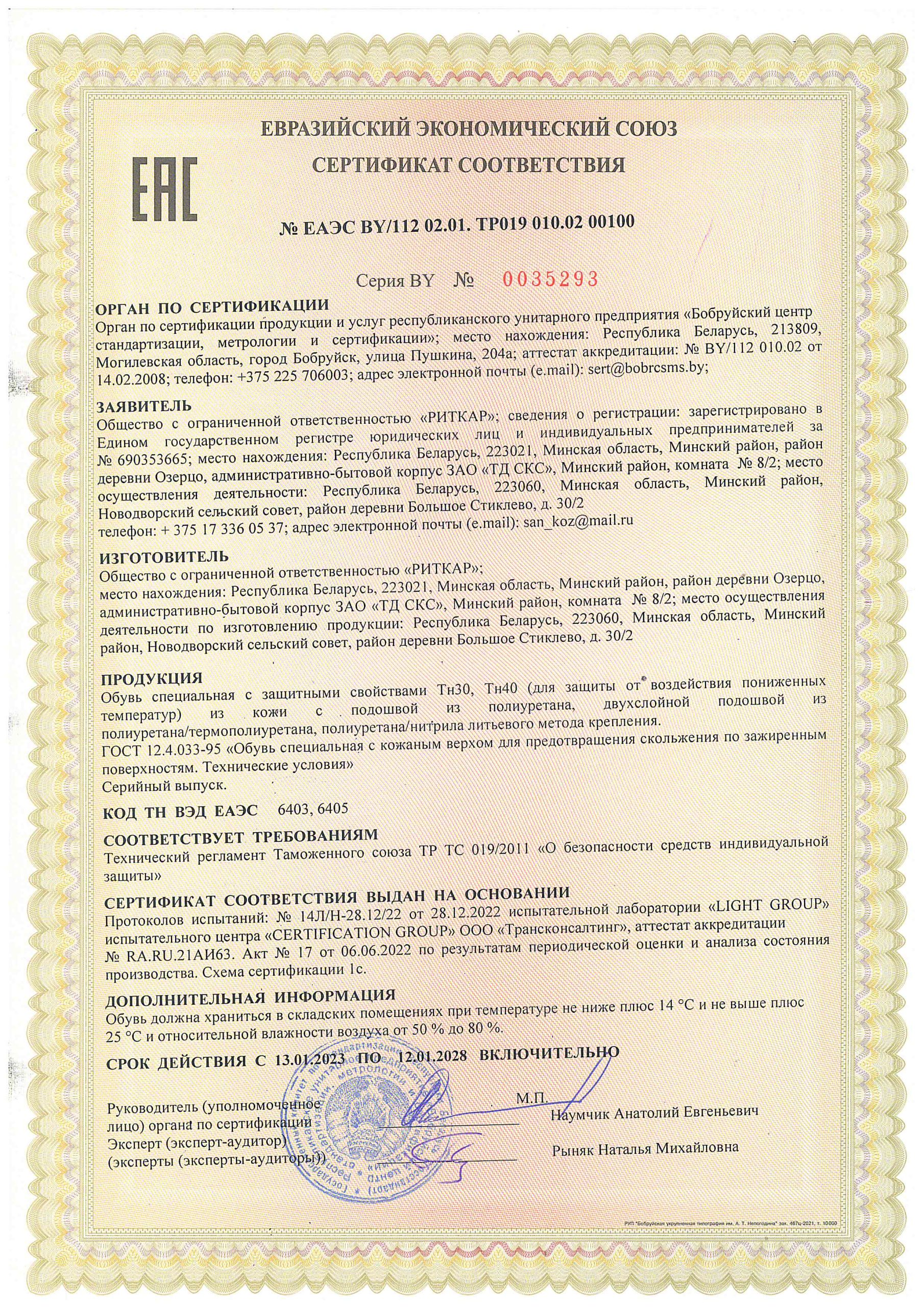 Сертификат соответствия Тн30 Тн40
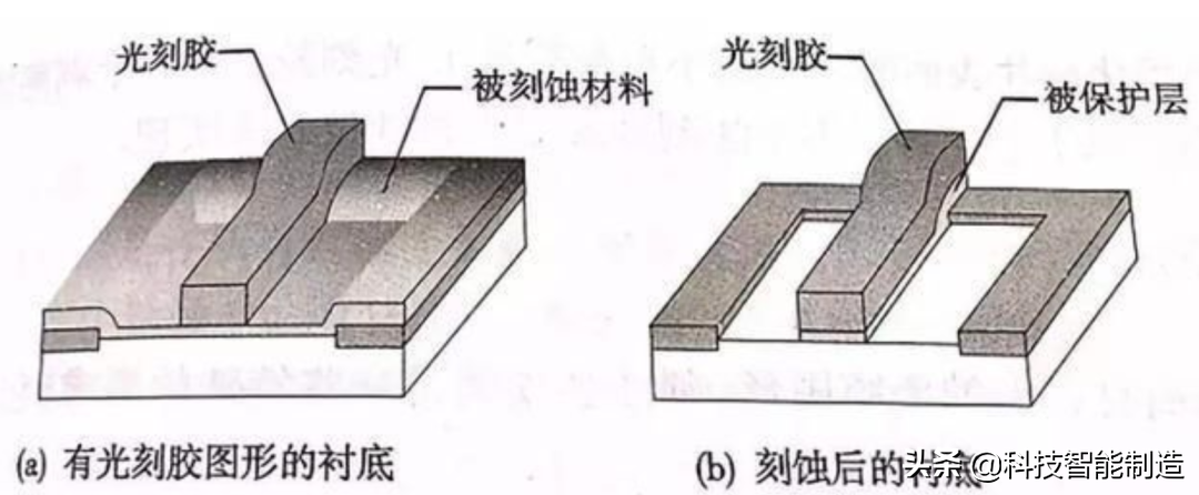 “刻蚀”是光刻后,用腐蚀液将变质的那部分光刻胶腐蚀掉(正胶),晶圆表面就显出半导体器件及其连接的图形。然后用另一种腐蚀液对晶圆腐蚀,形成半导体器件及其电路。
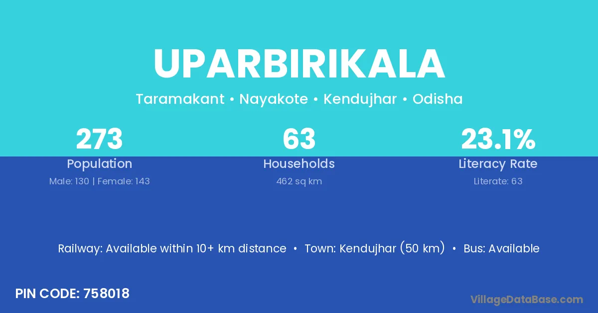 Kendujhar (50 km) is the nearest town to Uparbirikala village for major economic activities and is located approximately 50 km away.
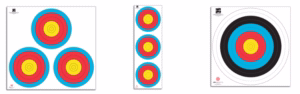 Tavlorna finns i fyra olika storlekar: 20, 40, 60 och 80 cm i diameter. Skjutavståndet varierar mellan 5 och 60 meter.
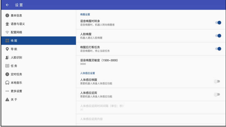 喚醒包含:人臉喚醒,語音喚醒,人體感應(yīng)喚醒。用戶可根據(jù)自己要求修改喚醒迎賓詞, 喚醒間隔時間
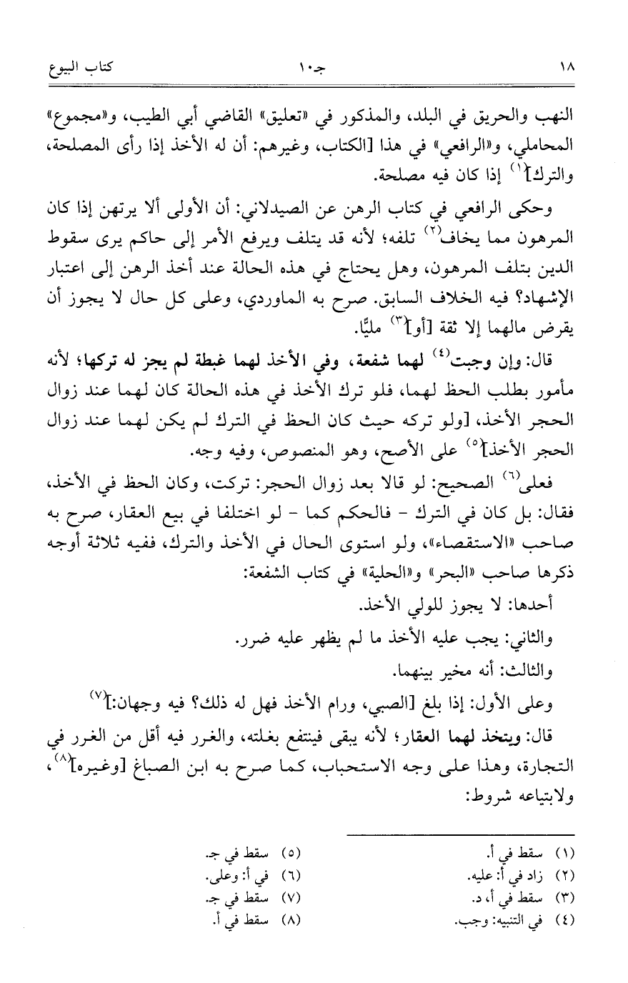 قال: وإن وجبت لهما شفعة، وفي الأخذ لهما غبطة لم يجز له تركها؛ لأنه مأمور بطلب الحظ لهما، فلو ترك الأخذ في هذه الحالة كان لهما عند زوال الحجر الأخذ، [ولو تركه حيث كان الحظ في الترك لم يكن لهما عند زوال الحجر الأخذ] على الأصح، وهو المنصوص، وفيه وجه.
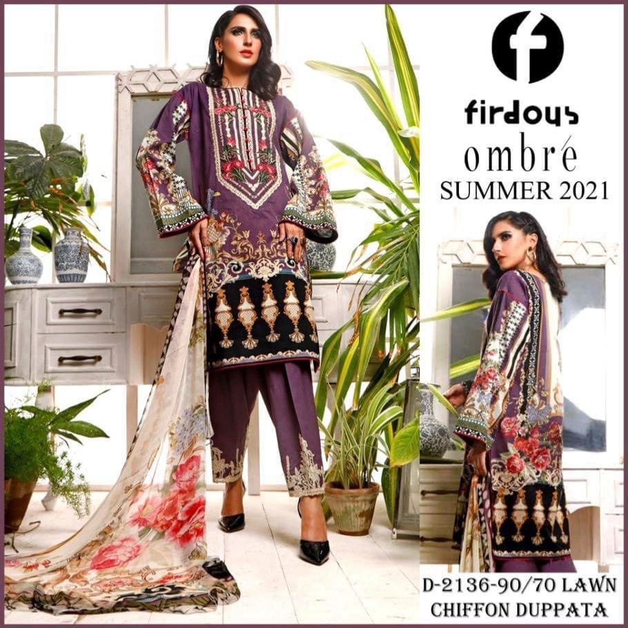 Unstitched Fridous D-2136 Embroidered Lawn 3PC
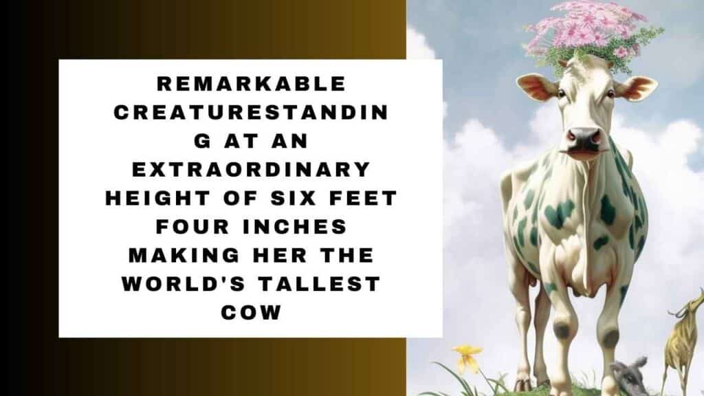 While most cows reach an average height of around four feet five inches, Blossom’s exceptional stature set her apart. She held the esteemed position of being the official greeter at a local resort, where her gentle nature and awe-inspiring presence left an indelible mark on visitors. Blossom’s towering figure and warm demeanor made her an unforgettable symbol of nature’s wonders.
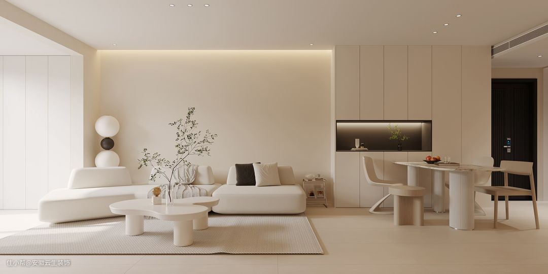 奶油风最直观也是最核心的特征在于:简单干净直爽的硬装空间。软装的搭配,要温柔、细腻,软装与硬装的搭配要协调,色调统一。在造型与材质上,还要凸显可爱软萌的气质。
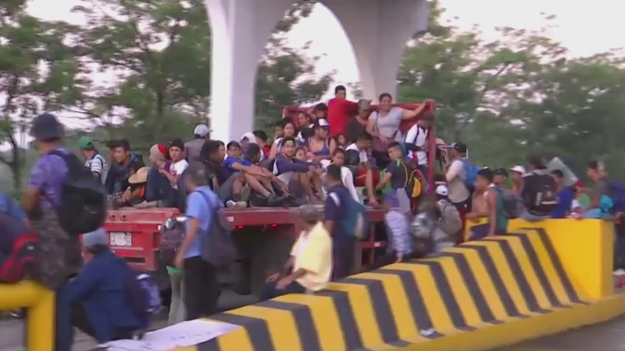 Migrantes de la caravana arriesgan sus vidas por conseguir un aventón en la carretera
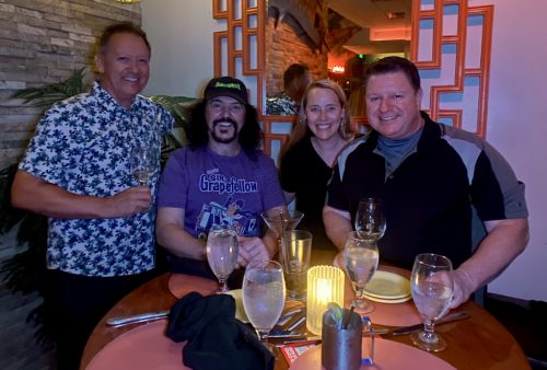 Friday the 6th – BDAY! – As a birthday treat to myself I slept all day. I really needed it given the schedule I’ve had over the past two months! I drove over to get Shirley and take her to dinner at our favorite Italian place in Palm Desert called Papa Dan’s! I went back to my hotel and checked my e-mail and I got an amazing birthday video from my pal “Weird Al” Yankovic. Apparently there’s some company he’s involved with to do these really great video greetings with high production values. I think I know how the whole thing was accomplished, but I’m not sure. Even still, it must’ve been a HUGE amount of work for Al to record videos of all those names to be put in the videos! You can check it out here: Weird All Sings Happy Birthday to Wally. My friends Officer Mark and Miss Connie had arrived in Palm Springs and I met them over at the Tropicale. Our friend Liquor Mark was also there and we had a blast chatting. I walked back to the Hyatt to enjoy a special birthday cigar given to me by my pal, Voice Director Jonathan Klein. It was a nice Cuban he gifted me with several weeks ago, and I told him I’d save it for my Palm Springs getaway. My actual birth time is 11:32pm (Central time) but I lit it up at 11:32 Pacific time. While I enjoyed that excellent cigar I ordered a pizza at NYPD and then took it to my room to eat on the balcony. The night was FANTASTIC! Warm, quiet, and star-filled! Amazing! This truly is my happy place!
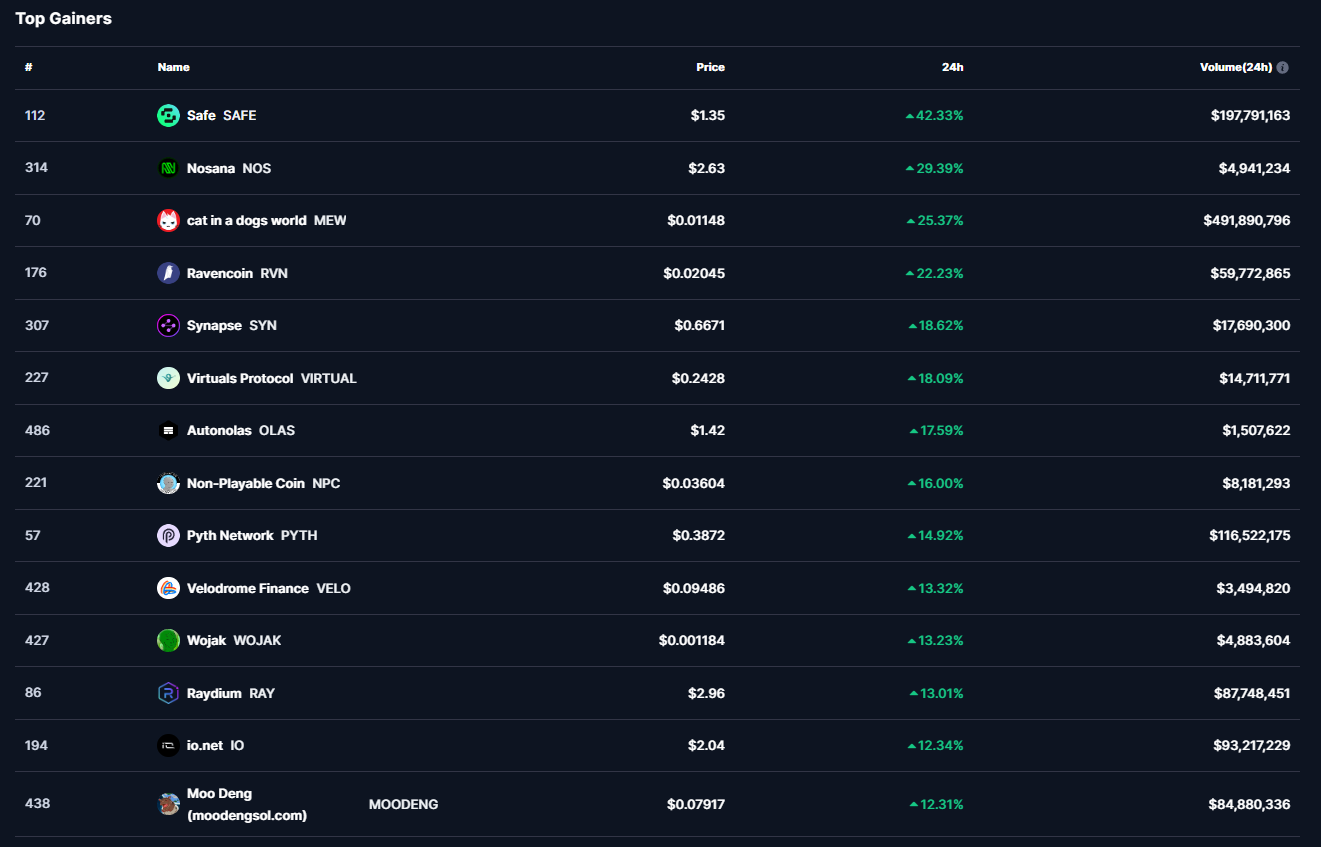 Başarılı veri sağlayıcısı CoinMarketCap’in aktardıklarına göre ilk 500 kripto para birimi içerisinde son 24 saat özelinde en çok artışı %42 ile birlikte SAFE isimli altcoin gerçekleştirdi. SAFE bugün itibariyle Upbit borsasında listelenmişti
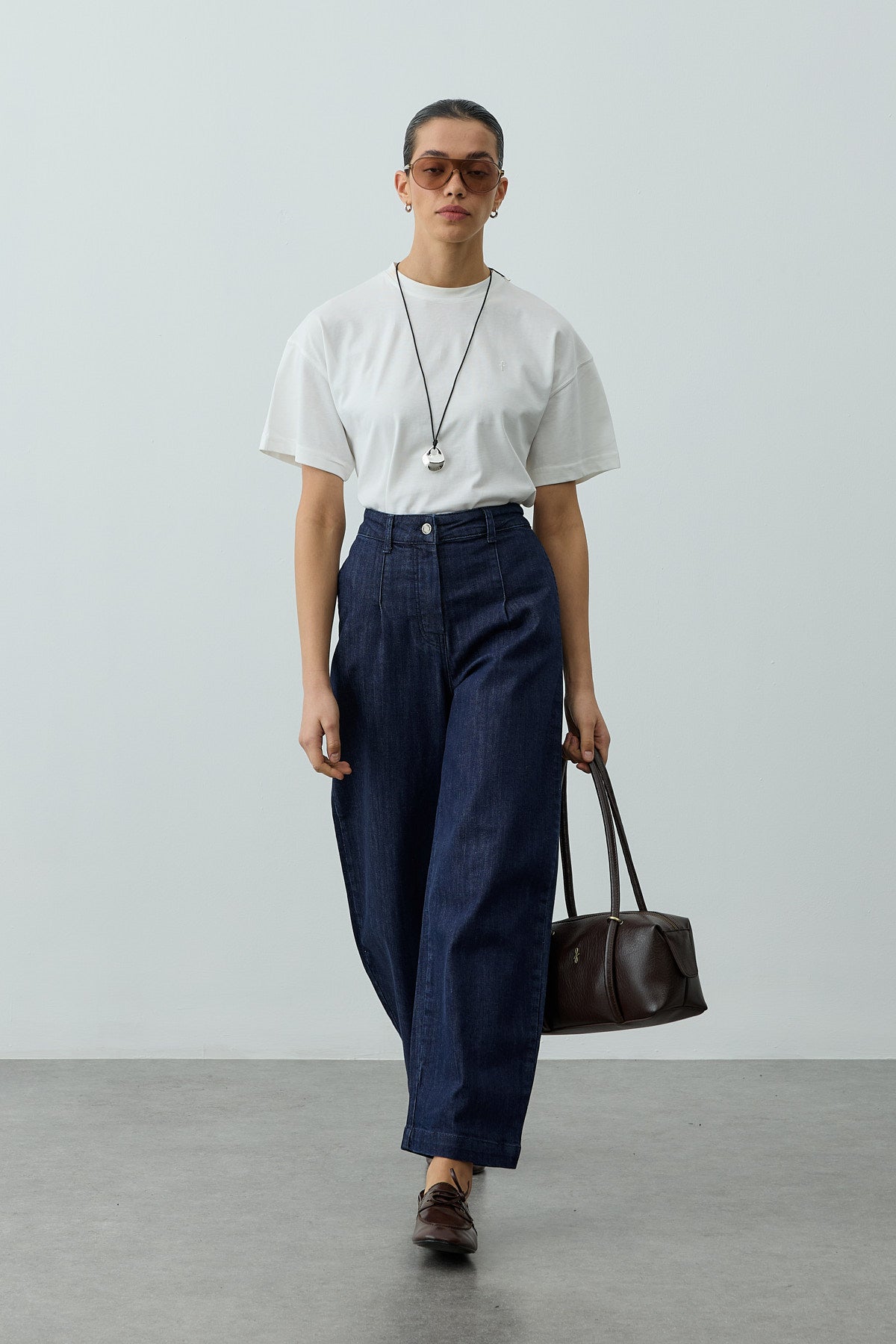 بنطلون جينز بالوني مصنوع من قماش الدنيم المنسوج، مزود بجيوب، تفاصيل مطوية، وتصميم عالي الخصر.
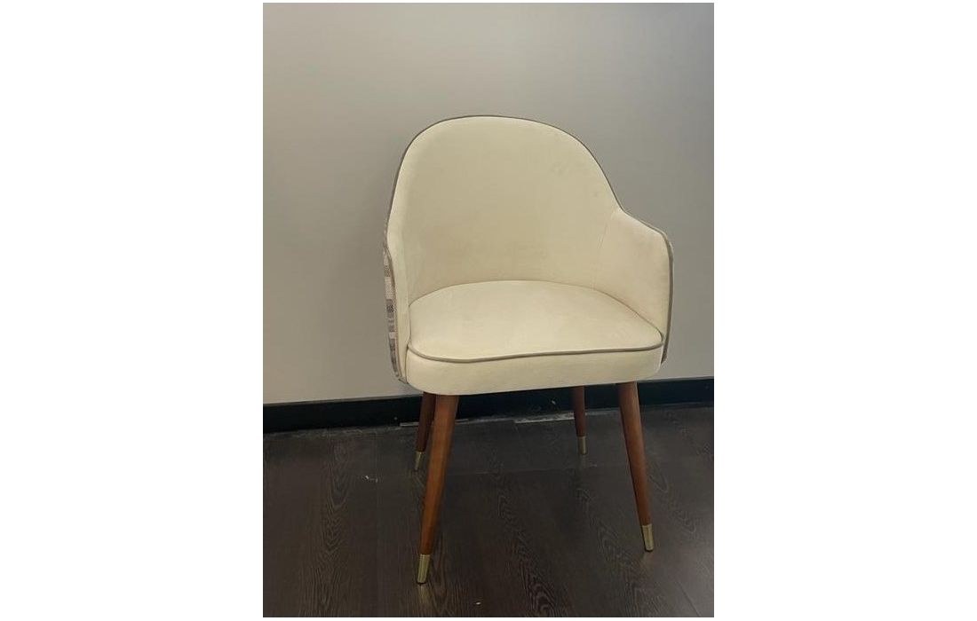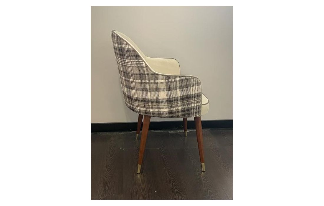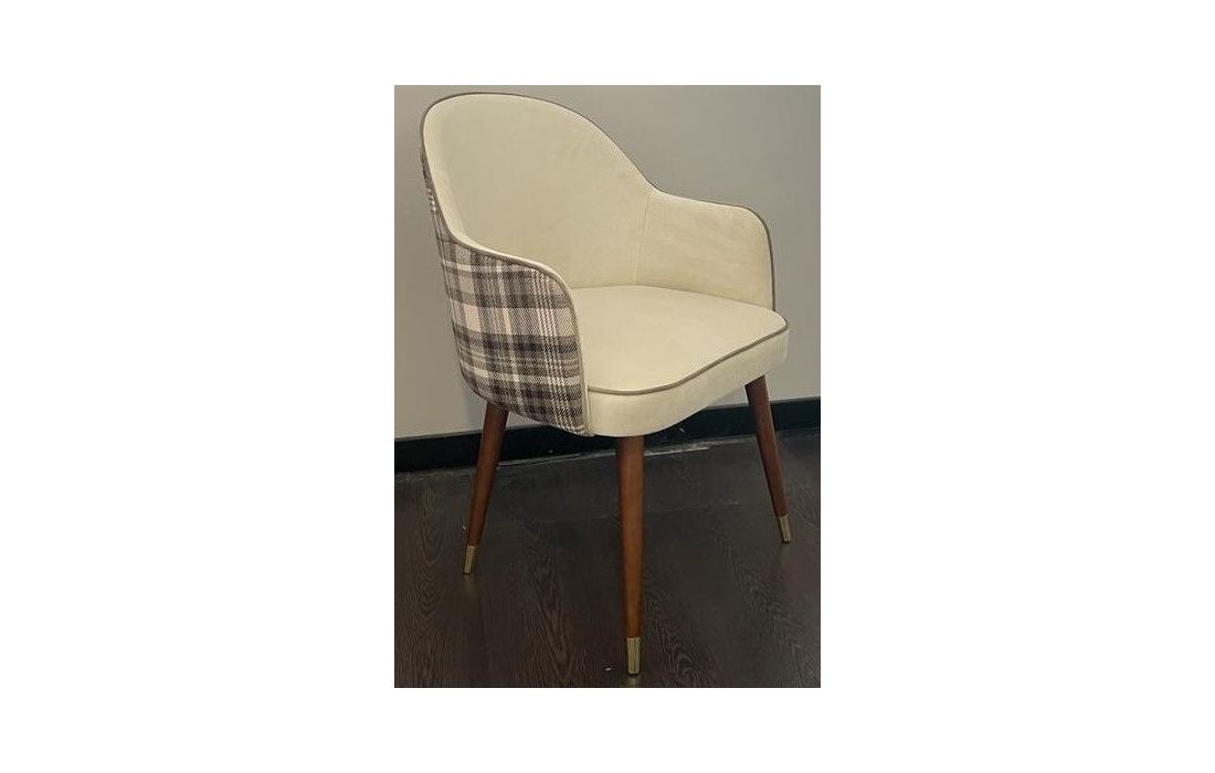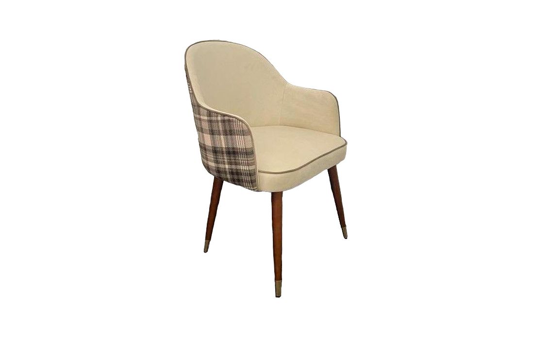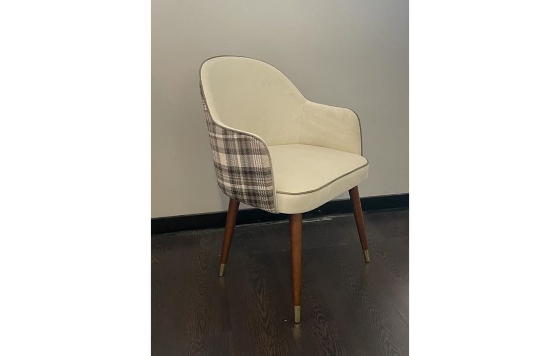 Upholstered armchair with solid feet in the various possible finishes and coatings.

:::::

» Brief
All pictures are to be skipped; the lines from the first line of the records through the line containing "Migrantes de la" are to be repeated exactly, both ends included.

» Expected answer
 Сертификат соответствия Тн30 Тн40
 “刻蚀”是光刻后,用腐蚀液将变质的那部分光刻胶腐蚀掉(正胶),晶圆表面就显出半导体器件及其连接的图形。然后用另一种腐蚀液对晶圆腐蚀,形成半导体器件及其电路。
 Kendujhar (50 km) is the nearest town to Uparbirikala village for major economic activities and is located approximately 50 km away.
 Tavlorna finns i fyra olika storlekar: 20, 40, 60 och 80 cm i diameter. Skjutavståndet varierar mellan 5 och 60 meter.
 喚醒包含:人臉喚醒,語音喚醒,人體感應(yīng)喚醒。用戶可根據(jù)自己要求修改喚醒迎賓詞, 喚醒間隔時間
 قال: وإن وجبت لهما شفعة، وفي الأخذ لهما غبطة لم يجز له تركها؛ لأنه مأمور بطلب الحظ لهما، فلو ترك الأخذ في هذه الحالة كان لهما عند زوال الحجر الأخذ، [ولو تركه حيث كان الحظ في الترك لم يكن لهما عند زوال الحجر الأخذ] على الأصح، وهو المنصوص، وفيه وجه.
 Unstitched Fridous D-2136 Embroidered Lawn 3PC
 While most cows reach an average height of around four feet five inches, Blossom’s exceptional stature set her apart. She held the esteemed position of being the official greeter at a local resort, where her gentle nature and awe-inspiring presence left an indelible mark on visitors. Blossom’s towering figure and warm demeanor made her an unforgettable symbol of nature’s wonders.
 奶油风最直观也是最核心的特征在于:简单干净直爽的硬装空间。软装的搭配,要温柔、细腻,软装与硬装的搭配要协调,色调统一。在造型与材质上,还要凸显可爱软萌的气质。
 Migrantes de la caravana arriesgan sus vidas por conseguir un aventón en la carretera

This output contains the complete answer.